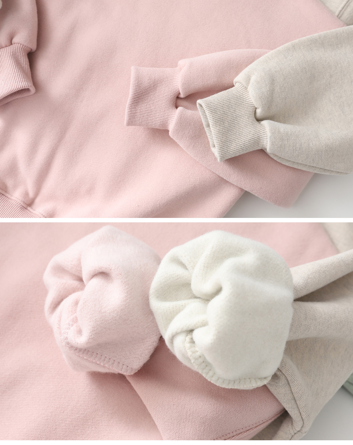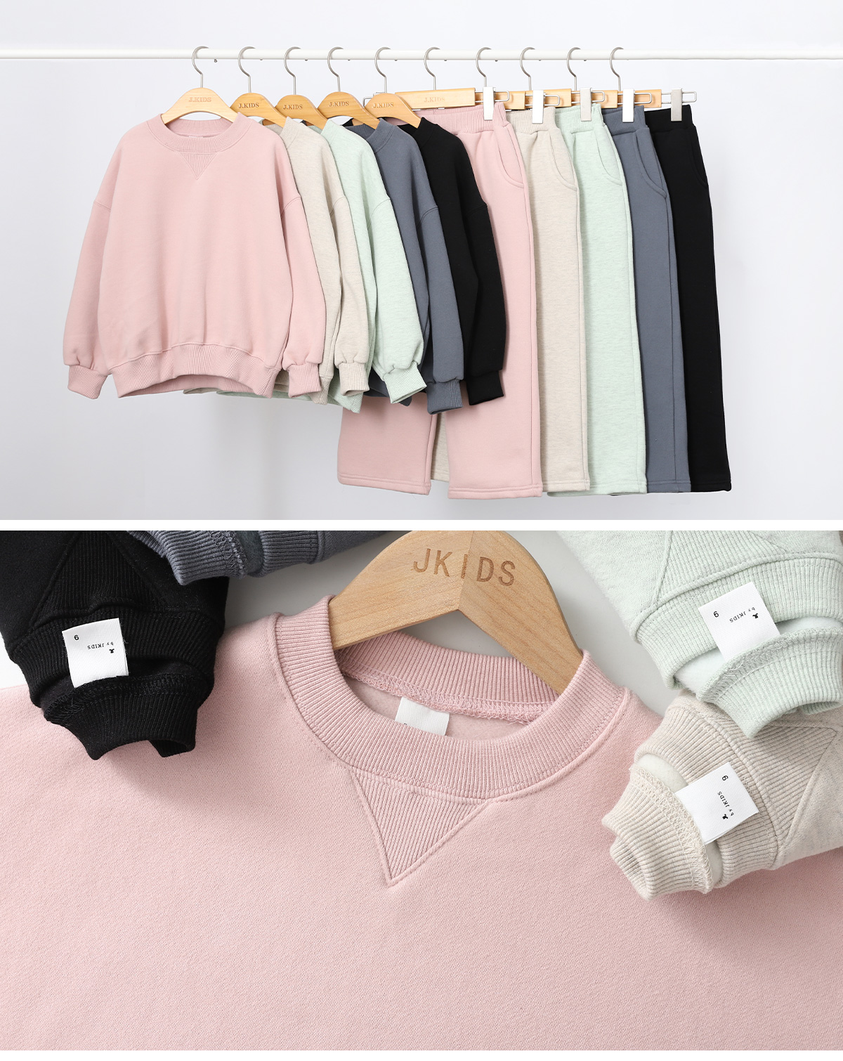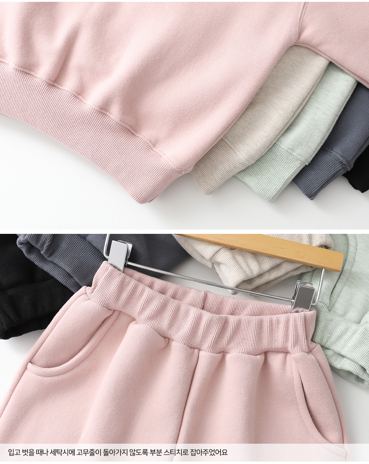 맨투맨과 팬츠 모두 기모 안감으로 따뜻하며,
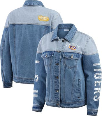 Show your LSU Tigers pride with this WEAR by Erin Andrews Sleeve Hit Colorblock Button-Down Denim Jacket. This stylish denim jacket features woven team appliques on the left chest and right shoulder for a touch of LSU Tigers flair. With screen-printed team wordmarks on the sleeves, this midweight jacket lets you show your team spirit while staying comfortable in moderate temperatures.
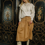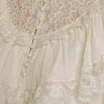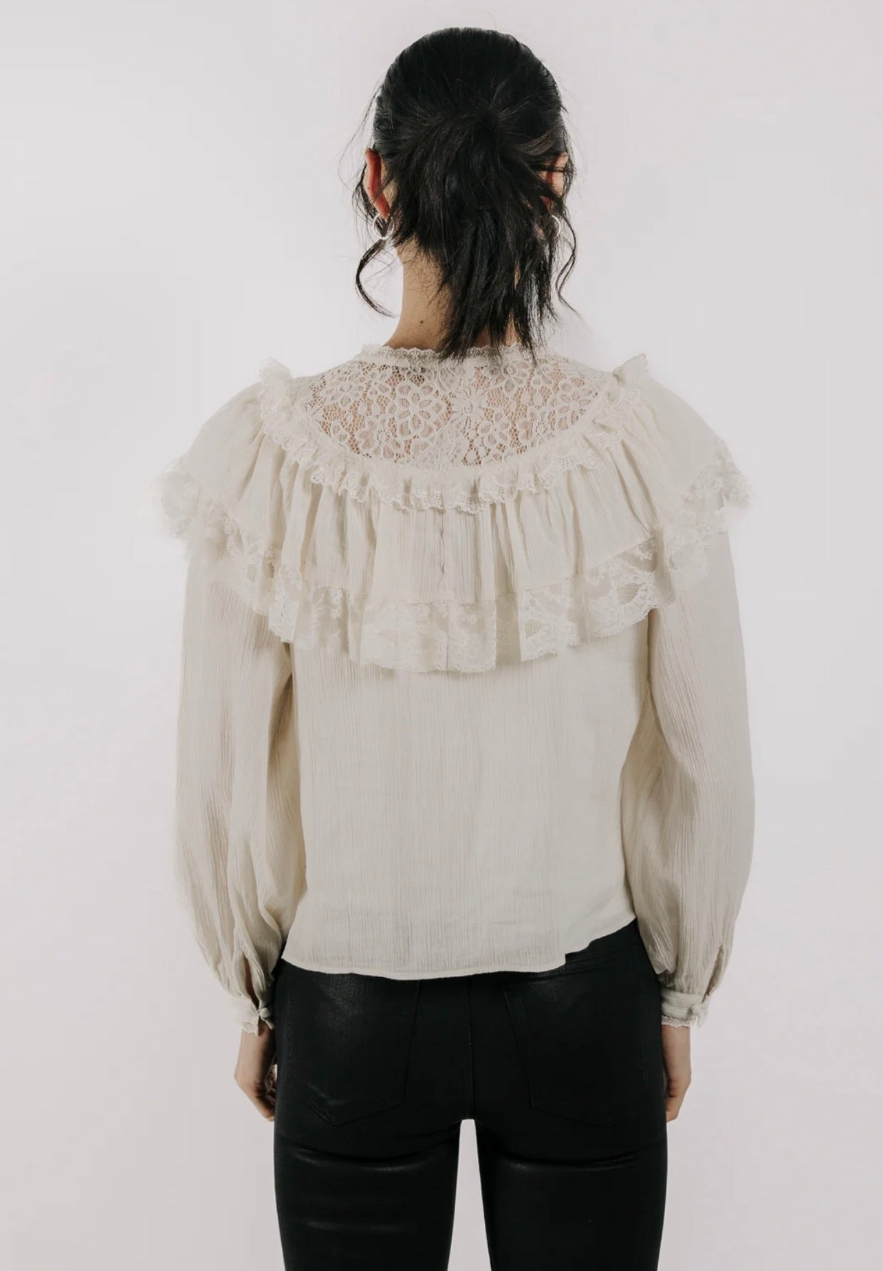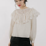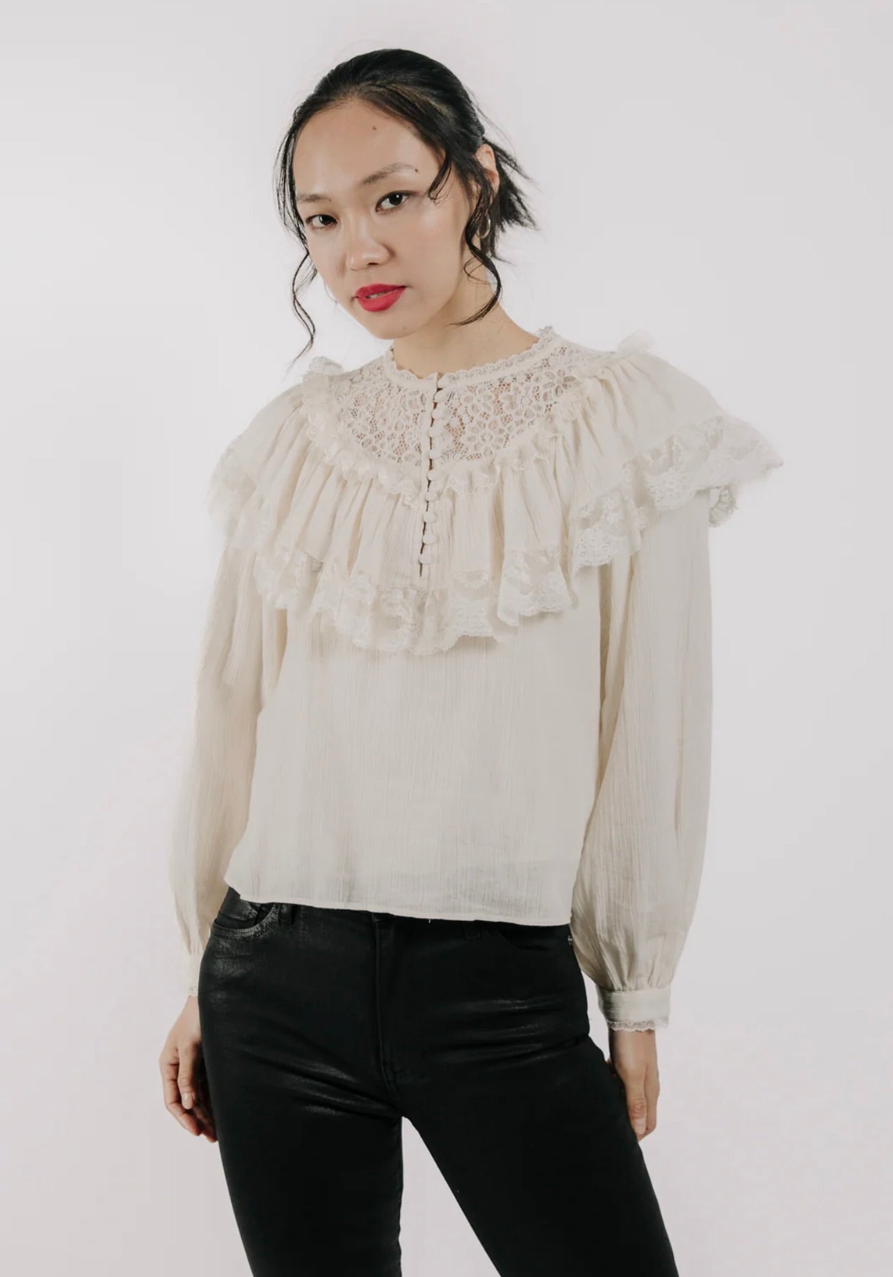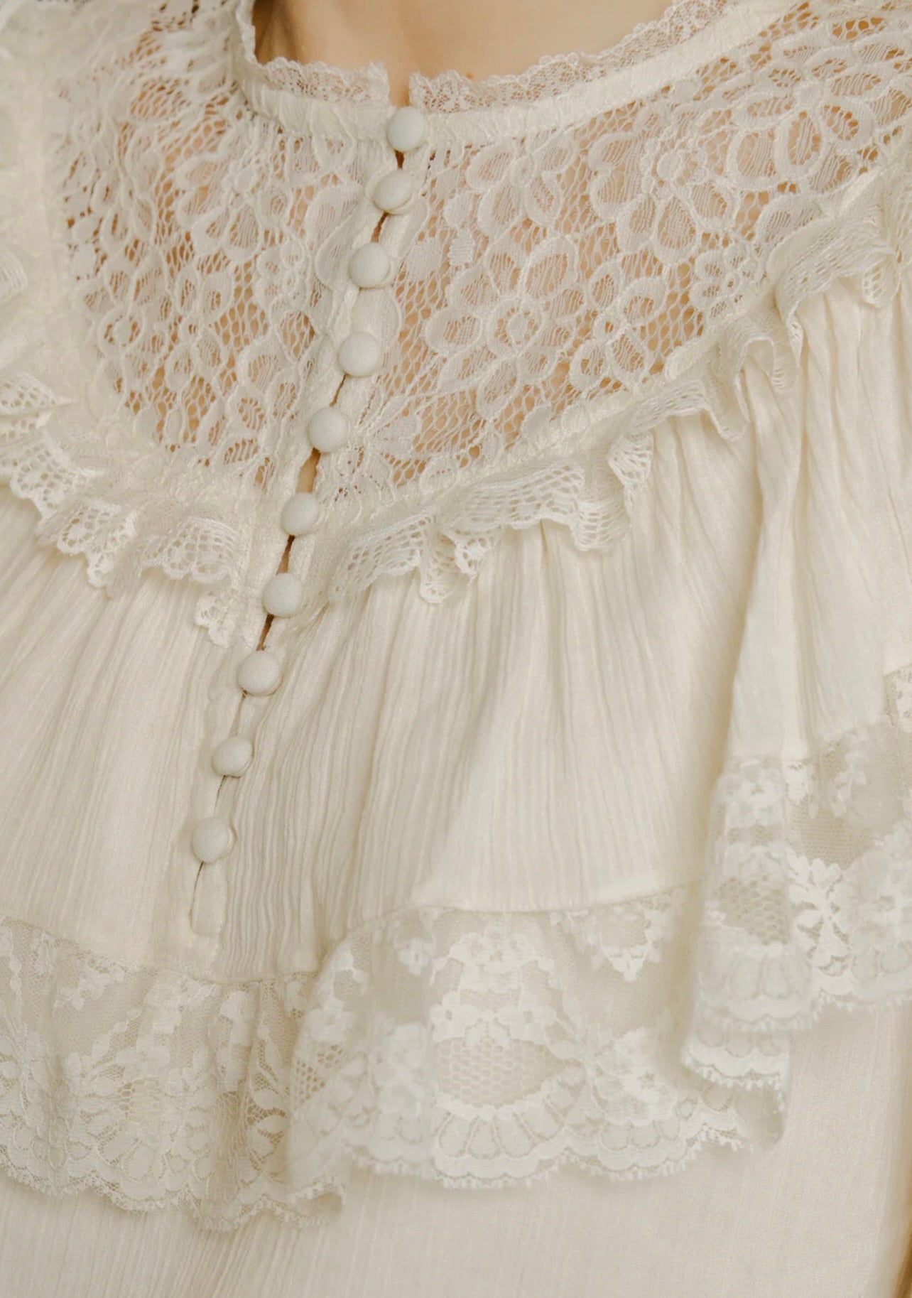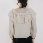 The Brandi Top embodies romance with its flowing lace ruffles and subtle sheer inserts. Adorned with fabric-covered buttons reminiscent of traditional lace craftsmanship, it offers a classic vintage charm to its elegant, feminine design.

> Activity: Return the lines from the one that contains "Show your LSU" through the final line of the listing above, inclusive. Transcribe them exactly and drop the pictures.

> Solution for this problem:
 Show your LSU Tigers pride with this WEAR by Erin Andrews Sleeve Hit Colorblock Button-Down Denim Jacket. This stylish denim jacket features woven team appliques on the left chest and right shoulder for a touch of LSU Tigers flair. With screen-printed team wordmarks on the sleeves, this midweight jacket lets you show your team spirit while staying comfortable in moderate temperatures.
 The Brandi Top embodies romance with its flowing lace ruffles and subtle sheer inserts. Adorned with fabric-covered buttons reminiscent of traditional lace craftsmanship, it offers a classic vintage charm to its elegant, feminine design.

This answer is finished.